O médico compartilhou, ainda, alguns relatos de casos vividos durante esse período. Segundo ele, não existem palavras para descrever a tristeza de olhar para uma paciente e dizer se ela vai ou não acordar da entubação ou dar uma notícia de óbito para uma família.
“Tem que ter a cabeça muito no lugar. Mas mesmo com a cabeça no lugar e com toda tranquilidade, é muito difícil. Tá sendo muito desgastante físico e emocionalmente tudo. Fisicamente porque chega um paciente e a gente tem que preparar para a entubação, às vezes para a ressuscitação cardio-pulmonar, e cansa demais isso. Cansa demais. E mentalmente porque a gente não tem a certeza de como esse paciente vai se adaptar ao ventilador, de como o paciente vai responder às medicações para controle da pressão […]”.
Filipe também explicou que, com o agravamento da Covid-19 nos hospitais, criou-se um clima de hostilidade com a classe médica frente à demora nos atendimentos.
“A gente tá dando mais do que a gente pode, de verdade, na questão da celeridade e qualidade nos atendimentos. Mas não tem como comportar tanta gente de uma vez só. Não está dando para atender todo mundo de maneira rápida. A gente, infelizmente, deve perder muito mais gente agora. Cada morte é sentida pela equipe médica, tanto quanto pela família, tenham certeza disso. A gente se sente muito responsável pelas vidas que a gente toca. É muito complicado quando a gente perde alguém”.
Por fim, o médico fez um apelo para que as pessoas fiquem em casa e só saiam para o extremo necessário. Ele também disse temer os reflexos da pandemia no futuro.
“Fiquem em casa, pelo amor de Deus. Só saiam para o extremamente necessário. […] A Covid tá voltando com tudo, numa velocidade assustadora e eu tenho medo do futuro, dos reflexos da pandemia, do que ela pode gerar de resistência bacteriana, de bactérias resistentes a alguns antibióticos prescritos de maneira equivocada por colegas médicos, tomados de maneira equivocada pelas pessoas. Enfim, a única forma de combater isso é permanecer em casa, se cuidando, principalmente cuidando dos outros. Não tem mais leito, não tem mais UTI, não tem mais corredor”, concluiu.
Aumento de casos
O número de pessoas vítimas da Covid-19 não para de crescer no estado. Na segunda-feira (28), o Amazonas registrou mais de 196 mil casos da doença e mais de 5 mil mortes.
Segundo a Prefeitura de Manaus, a média de enterros aumentou de setembro para cá, com a flexibilização das medidas de isolamento: de 30 pulou para cerca de 45 sepultamentos diários.
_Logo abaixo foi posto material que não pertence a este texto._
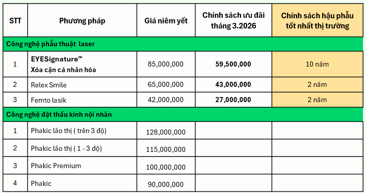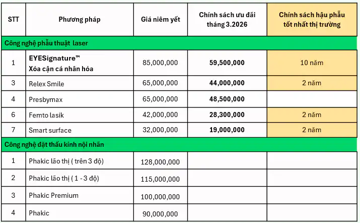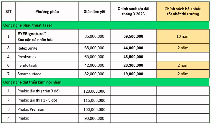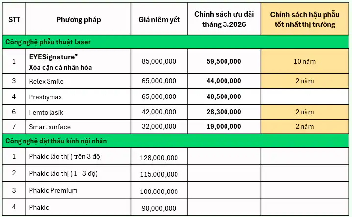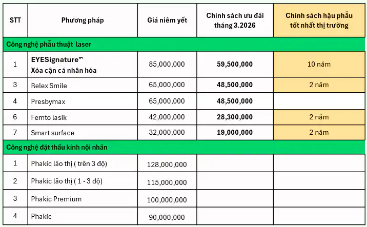 - Hạn mức đặt cọc: là 3.000.000vnd áp dụng với tất cả các phương pháp (trừ phương pháp Phakic) và mức giá tại thời điểm đặt cọc sẽ được bảo lưu đến ngày 31/03/2026 kể từ ngày đặt cọc.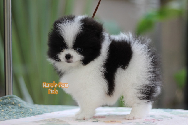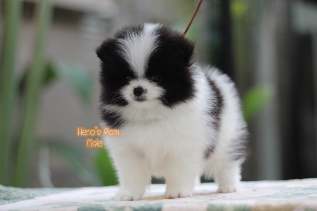 Hero's pom ขายปอมเมอเรเนียน สีขาวดำ เพศผู้ อายุ 2 เดือน สอบถาม Line : @heropom, 0985566777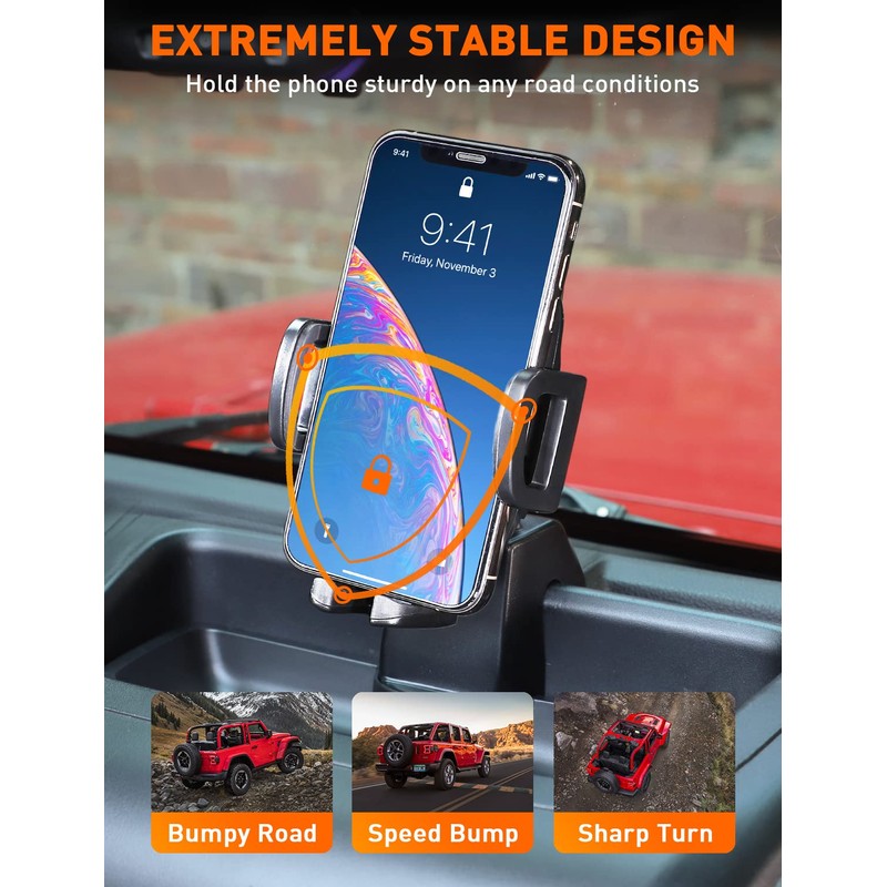 - PERFECT FITMENT -- Savadicar jk phone mount is specially designed according to the original wrangler dash tray data, firmly fixed to keeps your hands free for safe navigating on open roads or rough terrain.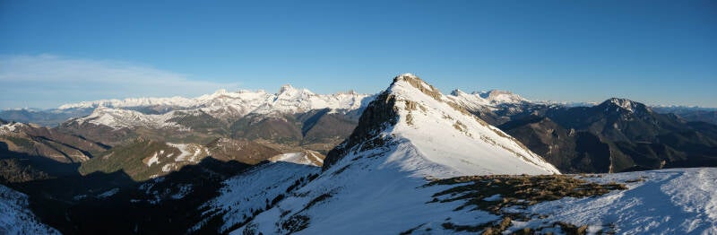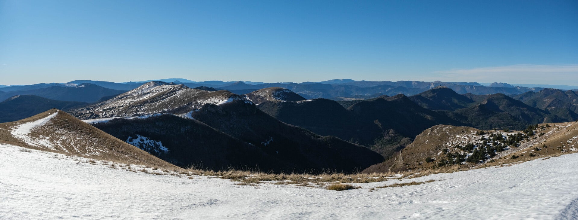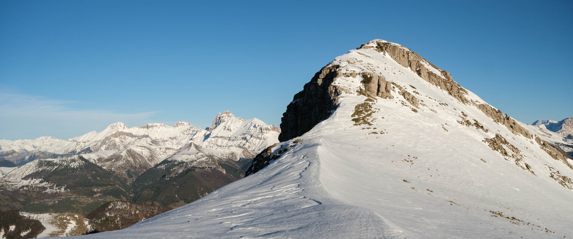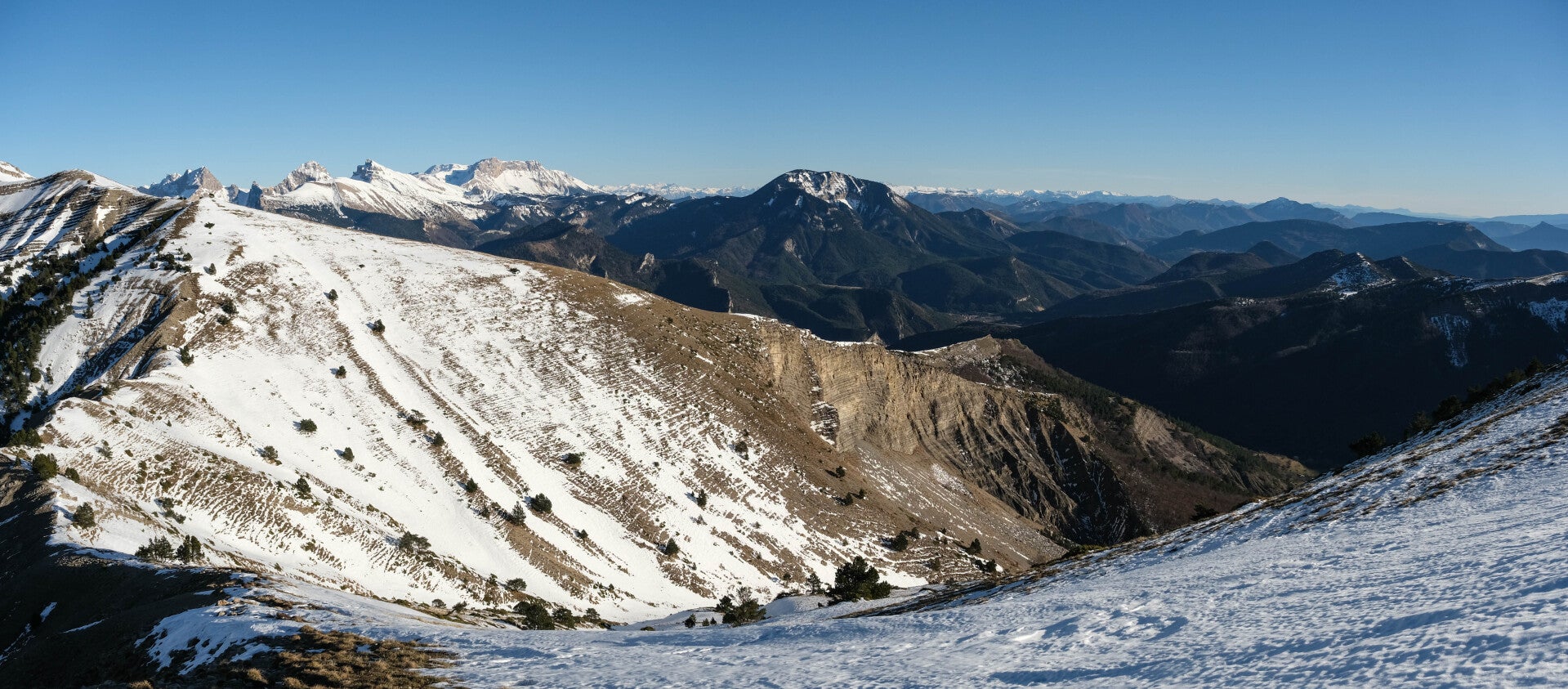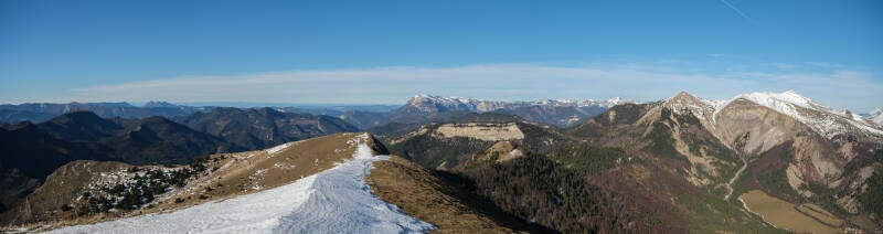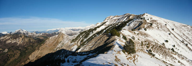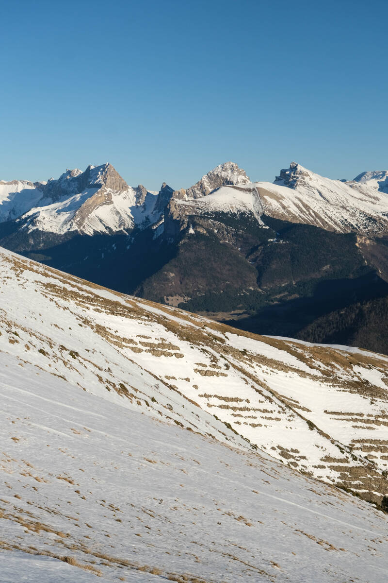 Le reste du Massif du Diois est bien sombre en cette période, le soleil ne parvenant pas à éclairer les faces Nord des montagnes. Au contraire, le panorama au Nord est particulièrement lumineux avec la Montagne du Glandasse, le Grand Veymont et même le Mont Aiguille qui pointent leur cime à gauche de la Toussière.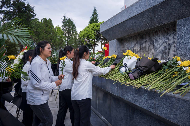 在临沧市烈士陵园,庄严肃穆的祭扫仪式将活动推向高潮。200余名师生共唱国歌、肃立默哀、敬献花篮;党员重温入党誓词、团员重温入团誓词、少先队员庄严呼号,以仪式强化身份认同、彰显使命担当。师生有序瞻仰烈士墓区,擦拭墓碑、敬献白花,以实际行动守护英烈荣光。各学段代表依次发言,畅谈对英烈精神的感悟,一致表示将以英烈为榜样,把追思之情转化为奋进之力。

Mesmo com o aumento das vítimas, o governo do estado publicou um decreto que autoriza a reabertura do comércio não essencial. A decisão foi tomada depois de uma onda de protestos contra o fechamento de lojas durante o fim de semana.
Segundo o governo, dos 11 hospitais particulares da capital, sete estão com 100% dos leitos de UTI ocupados. Já os hospitais públicos estão com mais de 90% de taxa de ocupação de leitos.
No domingo (27), houve o registro de 95 novas hospitalizações em um único dia no estado. Em Manaus foram 88. Esse é o maior número de internações em um único dia desde o dia 15 de maio, quando foram registradas 82 hospitalizações.
Nesta terça-feira (29), dois hospitais de Manaus voltaram a montar tendas externas para triagem de pacientes. O objetivo das estruturas montadas nos prontos-socorros 28 de Agosto e Platão Araújo é melhorar o fluxo e agilizar o atendimento nos casos de urgência. Essas tendas já tinham sido usadas em unidades de saúde da capital amazonense no pico da pandemia, em abril e maio, quando o estado passou por colapsos nos sistemas de saúde e funerário.